# the Yellow Dog Dixie



## Brett (Jul 16, 2008)

That came out great.
I do like build sequences.
That was fun to see.


----------



## stickwaver (May 13, 2008)

Nice Work... your pics were really nice documentation of the build. I like the cockpit trim and its a nice layout for that boat. Complete transformation. How long did you take on the build?


----------



## paint it black (Nov 3, 2007)

Great looking boat! Love the build up pics.


----------



## cut1duc (Jul 15, 2008)

Great boat, I am sure it was a fun project for a father son. Congrats on a one of a kind boat.


----------



## OSWLD (Apr 20, 2008)

Holy crap that thing turned out awesome. Great job 

i might have to steal your motor lift idea


----------



## Canoeman (Jul 23, 2008)

Beautiful work. I can't imagine having the patience to finish something like that. How long did it take you?


----------



## spartina (Jan 26, 2007)

The boat took about three months of work, couple of days each week working on it. Each piece of 1/2" marine ply is coated with two coats of WEST epoxy, the decks then received a layer of glass and another two coats of epoxy before paint. The paint is sprayed interlux. The transom is four laminations of 1/2". The cockpit trim is epi deck lumber ripped down to 3/4. The port locker is a bubbler livewell, starboard is battery, fuel filter, battery switch. The bow locker holds 9 gal. fuel, life jackets, anchor and safety kit. The tabs are recycled Lenco with bimini hardware for mounting. The boat is very stiff with no twist or flex in waves. It poles out very straight and quiet and it's caught a lot of fish here in Charleston. Total budget boat, motor, trailer and upfits was $900.


----------



## tom_in_orl (Dec 9, 2006)

Welcome to the forum! [smiley=beer.gif] Great job! We appreciate that you took lots of pics and shared them with us.

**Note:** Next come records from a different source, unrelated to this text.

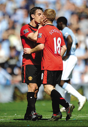 筆者記得就在去年9月,媒體還拍攝到兩人一起觀看板球比賽的照片,甚至兩人還曾攜家?guī)Э谝煌燃。既然兩人有如此親密的“隱情”,因此在昨天斯科爾斯絕殺曼城后,內(nèi)維爾作出激吻“老相好”斯科爾斯的斷背舉動(dòng),自然也就不足為奇。
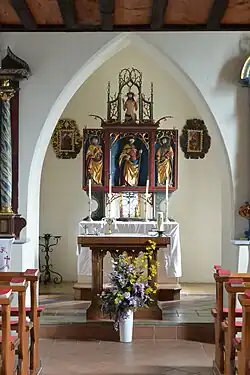 Der kleine gotische Kirchenbau unter einem geschindelten Dach hat eine Vorlaube vor der Westfront und einen eingezogenen niedrigeren quadratischen Chor und östlich einen hölzernen Dachreiter mit einem Pyramidenhelm. Der Chor hat Spitzbogenfenster. Das Westportal ist spitzbogig.
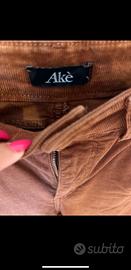 Jeans a coste Akè da donna, in velluto morbido color marrone. Modello a vita media con chiusura a zip e bottone frontale, dotato di tasche anteriori e posteriori. Taglia 40, vestibilità slim, adatto per la stagione autunnale/invernale. Taglio moderno e versatile, perfetto da abbinare sia a look casual che più ricercati. Condizioni ottime, usato pochissimo.

BTW, I added a couple pics to your first post. That should increase the feedback a little.


----------



## Flyline (Mar 3, 2008)

Welcome to the forum! love your custom skiff and looks so sweet! nice jobs guys! [smiley=1-beer.gif]


----------



## backwaterbandits (Dec 15, 2006)

Good Job and welcome!!! 
Really nice work...What a father and son project.


----------



## HialeahAngler (Dec 18, 2008)

super awesome.


----------



## Un-shore (Sep 27, 2007)

> Holy crap that thing turned out awesome. Great job
> 
> i might have to steal your motor lift idea


I might have to steal yer bote! ;D

That is really nice, now I really miss my 14'r.


----------



## ko (Jun 9, 2007)

Great!!!!!!!!


----------



## kbuch312 (Feb 17, 2007)

That was amazing.
Thanks for sharing with the forum.
Really enjoyed the build photos. 
If I ever find a hull similar....


----------



## pescador72 (Aug 6, 2008)

Absolutely awesome looking skiff. Great work!


----------



## Kemo (Jun 22, 2008)

Fabulous.  Great job, and welcome to THE forum.  I was curious about the registration numbers - only 3 numeric digits.  If those are the original hull numbers, it speaks volume about its age.  If not, then there aren't many boats registered in S.C.   [smiley=1-mmm.gif]

Kemo


----------



## HaMm3r (Dec 11, 2006)

What a great restoration you did!  And what a perfect little boat you ended up with. I noticed you changed the motor, as the junkyard pics show a merc, while the later shots show a rude.

Welcome to the forum!


----------



## rkmurphy (Nov 2, 2008)

How much did you end up spending fixing her up?


----------



## spartina (Jan 26, 2007)

Hull cost $200, engine was $300, trailer was $130 and platform was $400. Two sheets 1/2 marine plywood, 1 gal West epoxy, fiberglass and fittings it added up to <$1400. That pretty careful buying which is easy when you're not in a rush. Except for the cockpit trim there are no fasteners used anywhere in the boat, it's all epoxy glue and fillets. The boat is very light and shallow and quiet when poling. Not a lot of beam and it takes careful anglers to prevent swimming.


----------



## Sevensurfer (Nov 9, 2016)

I just picked up a dixie 14 to work on as a project and I am using your build as a rough template. Did you do any floor work on yours. I have a few questions about the build if you have some time to talk


----------



## GoGataGo52__20 (Jun 26, 2016)

Man olde "Yellow Dog" came out sweet, cool lookin skiff man


----------